Description of the task: Leaving all pictures aside, write out the records below precisely as given.

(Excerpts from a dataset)
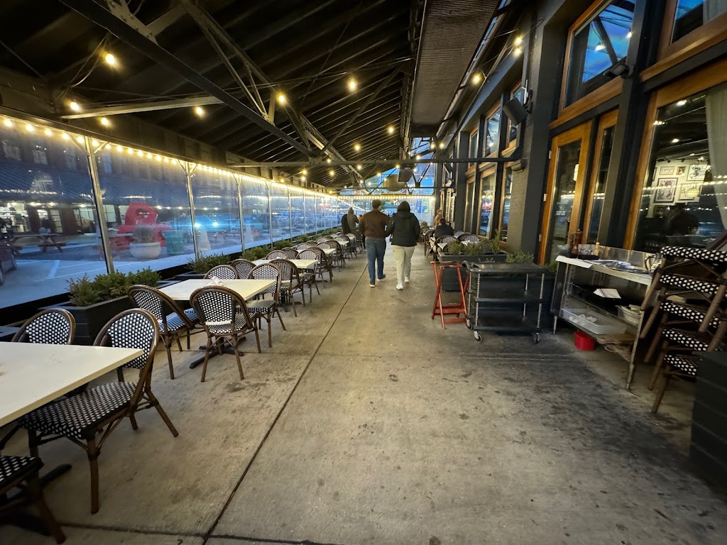 There is seating both inside and out side. The atmosphere is great and high end inside. The service was very good and the food was excellent. Many very good choices on the menu. We all chose very different things and they were all great. Some very cool and creative drinks.
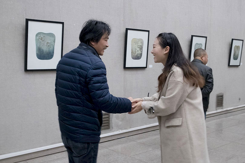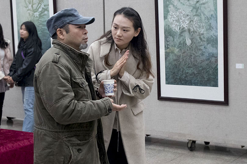 肖瑶的每幅作品都散发着她温婉的气质和谦和低调的态度,作品设色典雅,选材灵动,风格柔美。画中的每一只朱雀,每一朵野花都仿佛是自然的生灵,一花一世界,一叶一菩提,安静而美好。近观作品,细线与色彩的结合产生了儒雅自然、飘逸灵动的视觉魅力。画家赋予作品的情感和娴熟的绘画技巧打动了每一位观者,他们或仔细品味,或拍照留念,吸引了广大美术爱好者前来观赏品评。
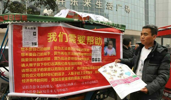 如今,他一邊尋找孩子一邊走街串巷向人們宣傳防拐孩子知識(shí)。1月28日,記者致電伍興虎。他說(shuō):在許昌感謝眾多好心人的幫助,已經(jīng)從許昌走到新鄭了。昨晚,他在網(wǎng)友——“禹州風(fēng)”的幫助下住在新鄭某旅館,今天還要啟程冒雪踏上尋子路,目前,伍興虎有一個(gè)4歲的兒子和2歲的女兒,在老家由媳婦和母親一起照看。而自己是獨(dú)自騎車(chē)走遍全國(guó)各個(gè)地市踏上尋子之路。孩子丟失時(shí),只有13個(gè)月大。在2008年12月10日凌晨2點(diǎn)多。一家人在睡夢(mèng)中醒來(lái)發(fā)現(xiàn)孩子不見(jiàn)了,而自己家的大門(mén)敞開(kāi)著。他說(shuō)自己家是農(nóng)村的,離公路約兩里路。偷走自己兒子的罪犯一定是有預(yù)謀,開(kāi)車(chē)偷走的。當(dāng)時(shí),睡夢(mèng)中的一家人醒來(lái)著急痛哭報(bào)案尋找,可至今無(wú)果。于是,自己下決心走上尋子路。他每到一處,給大家發(fā)放宣傳單和伍嘉誠(chéng)一歲時(shí)的照片和身份信息。傳單上還印著別的地方丟失孩子的信息。
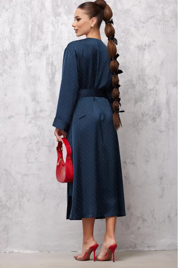 Платье отрезное по талии. Вырез горловины V-образный. Рукав прямой с манжетой понизу. По талии платье фиксируется широким завязывающимся поясом. Платье на подкладке.
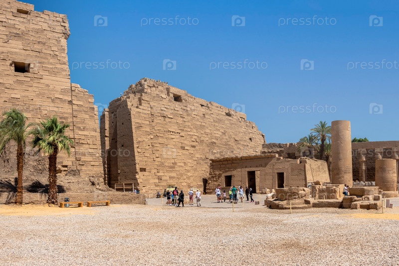 Древние руины Карнакского храма в Луксоре (Фивы), Египет. Самый большой храмовый комплекс древности в мире. Всемирное наследие ЮНЕСКО. Вид с аллеи сфинксов
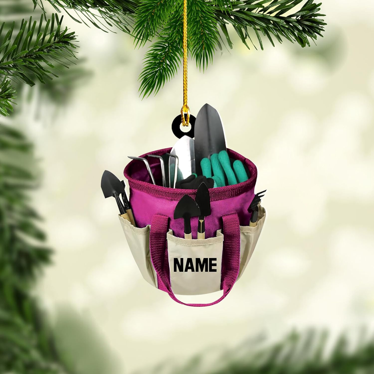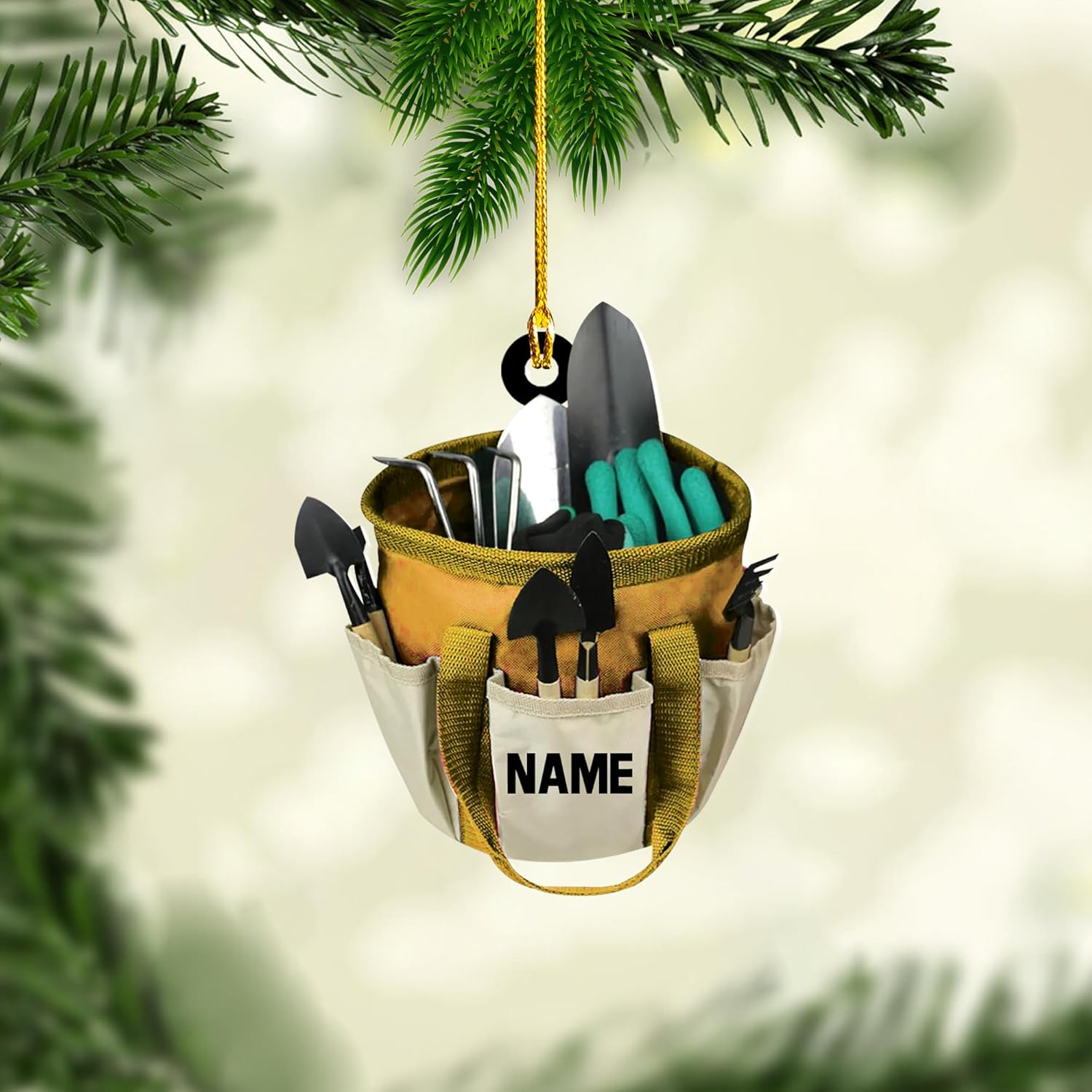 Personalized Gardening Acrylic Ornament – Custom Name Garden Tools Christmas Tree Decoration for Gardeners & Plant Lovers TG9

Solved exercise:
 There is seating both inside and out side. The atmosphere is great and high end inside. The service was very good and the food was excellent. Many very good choices on the menu. We all chose very different things and they were all great. Some very cool and creative drinks.
 肖瑶的每幅作品都散发着她温婉的气质和谦和低调的态度,作品设色典雅,选材灵动,风格柔美。画中的每一只朱雀,每一朵野花都仿佛是自然的生灵,一花一世界,一叶一菩提,安静而美好。近观作品,细线与色彩的结合产生了儒雅自然、飘逸灵动的视觉魅力。画家赋予作品的情感和娴熟的绘画技巧打动了每一位观者,他们或仔细品味,或拍照留念,吸引了广大美术爱好者前来观赏品评。
 如今,他一邊尋找孩子一邊走街串巷向人們宣傳防拐孩子知識(shí)。1月28日,記者致電伍興虎。他說(shuō):在許昌感謝眾多好心人的幫助,已經(jīng)從許昌走到新鄭了。昨晚,他在網(wǎng)友——“禹州風(fēng)”的幫助下住在新鄭某旅館,今天還要啟程冒雪踏上尋子路,目前,伍興虎有一個(gè)4歲的兒子和2歲的女兒,在老家由媳婦和母親一起照看。而自己是獨(dú)自騎車(chē)走遍全國(guó)各個(gè)地市踏上尋子之路。孩子丟失時(shí),只有13個(gè)月大。在2008年12月10日凌晨2點(diǎn)多。一家人在睡夢(mèng)中醒來(lái)發(fā)現(xiàn)孩子不見(jiàn)了,而自己家的大門(mén)敞開(kāi)著。他說(shuō)自己家是農(nóng)村的,離公路約兩里路。偷走自己兒子的罪犯一定是有預(yù)謀,開(kāi)車(chē)偷走的。當(dāng)時(shí),睡夢(mèng)中的一家人醒來(lái)著急痛哭報(bào)案尋找,可至今無(wú)果。于是,自己下決心走上尋子路。他每到一處,給大家發(fā)放宣傳單和伍嘉誠(chéng)一歲時(shí)的照片和身份信息。傳單上還印著別的地方丟失孩子的信息。
 Платье отрезное по талии. Вырез горловины V-образный. Рукав прямой с манжетой понизу. По талии платье фиксируется широким завязывающимся поясом. Платье на подкладке.
 Древние руины Карнакского храма в Луксоре (Фивы), Египет. Самый большой храмовый комплекс древности в мире. Всемирное наследие ЮНЕСКО. Вид с аллеи сфинксов
 Personalized Gardening Acrylic Ornament – Custom Name Garden Tools Christmas Tree Decoration for Gardeners & Plant Lovers TG9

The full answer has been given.